Six Figures is the second studio album by American rapper D-Shot, released on July 29, 1997, on Jive Records and D-Shot's own label, Shot Records. The album was produced by Femi Ojetunde, Levitti, Studio Ton and D-Shot. It peaked at number 21 on the Billboard Top R&B/Hip-Hop Albums and at number 81 on the Billboard 200. The album features guest performances by Spice 1, E-40, B-Legit, Celly Cel, Too Short, Mac Shawn, Levitti, and Bo-Roc of the Dove Shack.

The song "(I'll Be Yo') Huckleberry" was originally heard in the film Booty Call, and was also released as a single to promote the film's soundtrack album.

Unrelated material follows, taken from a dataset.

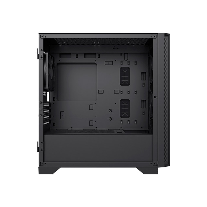 Корпус має інтуїтивно зрозумілий інтерфейс підключення. На передній панелі розміщено два порти USB 3.0, один USB 2.0 та два аудіо роз'єми, що дозволяє з легкістю підключати додаткові пристрої. Для безпеки та зручності використання, корпус оснастили бічним вікном із загартованого скла, яке легко відкривається, надаючи швидкий доступ до компонентів. Скло також надає корпусу естетичного вигляду, дозволяючи демонструвати внутрішню компоновку системи.

Both "(I'll Be Yo') Huckleberry" and "True Worldwide Playaz" were later included on the 1999 compilation album Sick Wid It's Greatest Hits.

Critical reception 

Allmusic – "...Six Figures, offers enough straight hardcore dope to make it worthwhile for any gangsta aficionado. D-Shot's rhyming is deft, and even if he simply recycles gangsta themes, he does it well... it's still a strong listen, filled with hard grooves and harder rhyming."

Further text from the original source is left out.